> Supplied data
──────
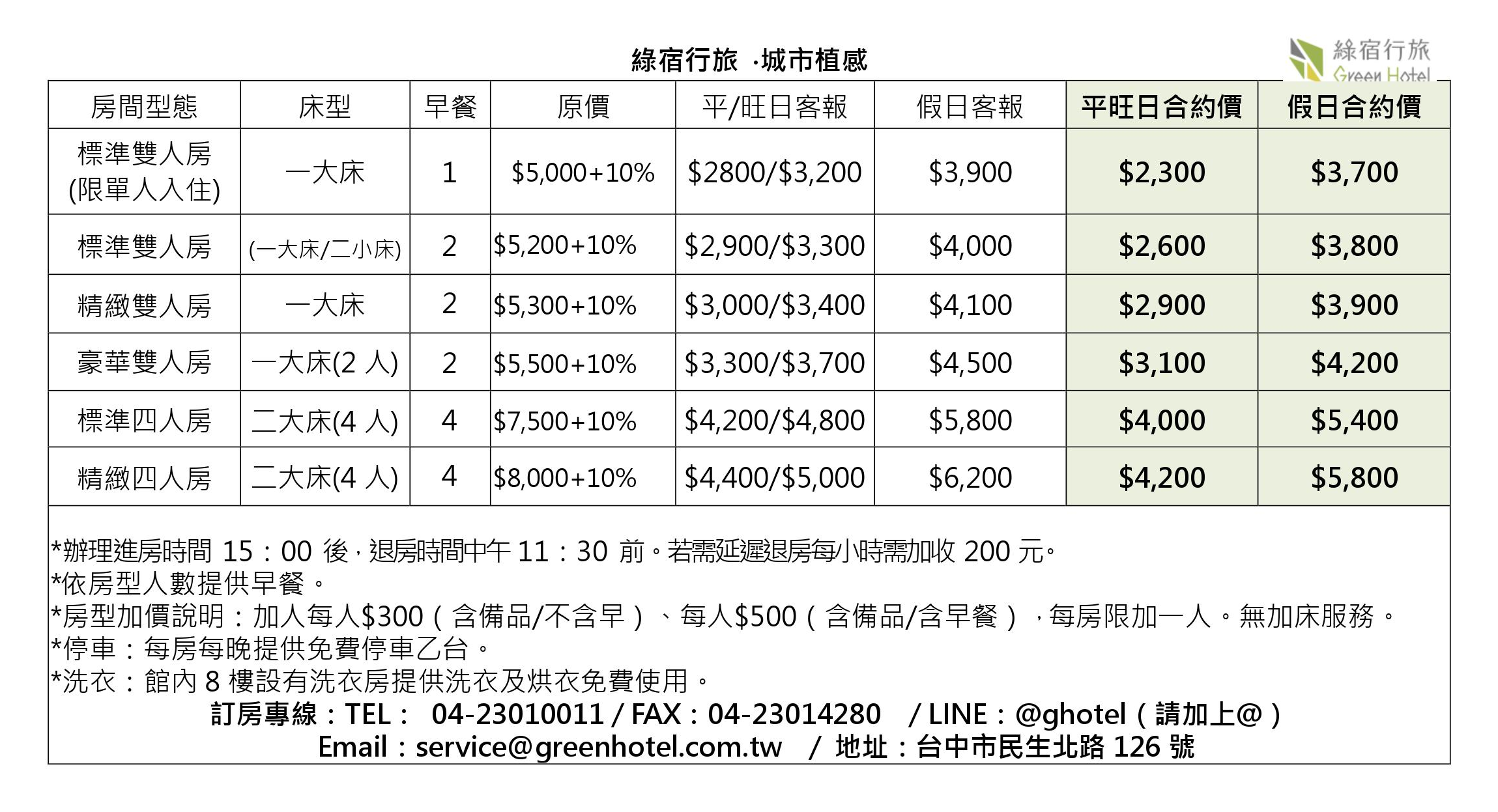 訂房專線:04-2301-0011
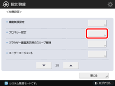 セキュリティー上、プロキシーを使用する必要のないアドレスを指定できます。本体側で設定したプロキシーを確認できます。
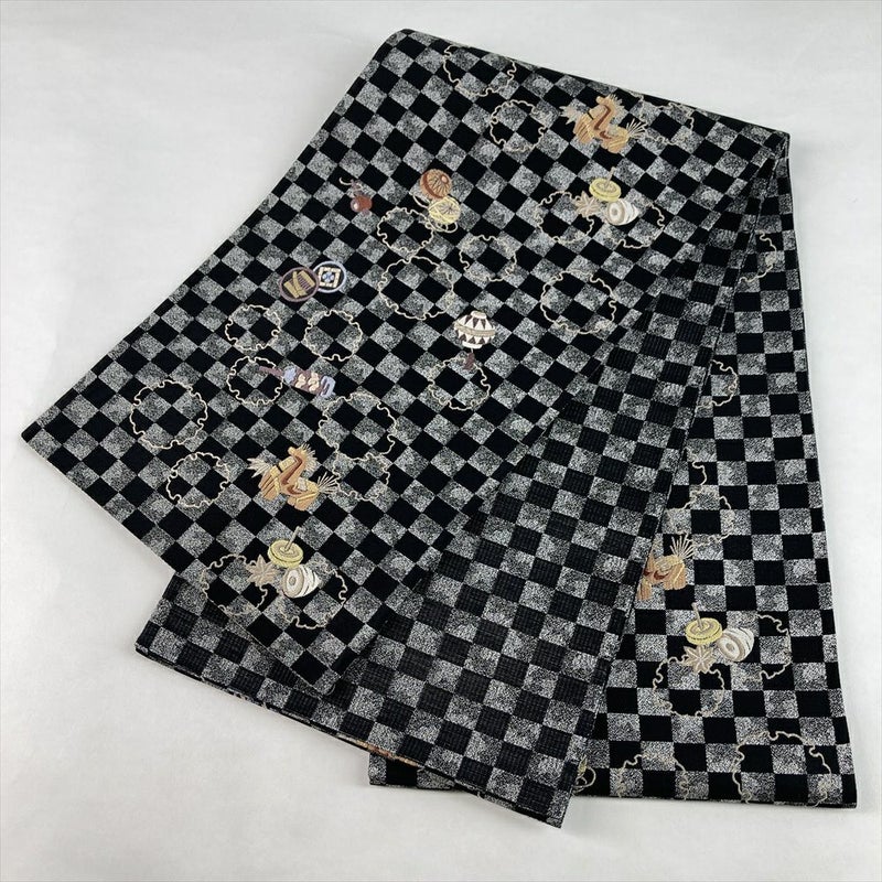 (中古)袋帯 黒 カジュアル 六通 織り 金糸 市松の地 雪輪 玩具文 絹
──────
> The problem
Your answer should copy the listing word for word, with no pictures in it.

> Reply
 訂房專線:04-2301-0011
 セキュリティー上、プロキシーを使用する必要のないアドレスを指定できます。本体側で設定したプロキシーを確認できます。
 (中古)袋帯 黒 カジュアル 六通 織り 金糸 市松の地 雪輪 玩具文 絹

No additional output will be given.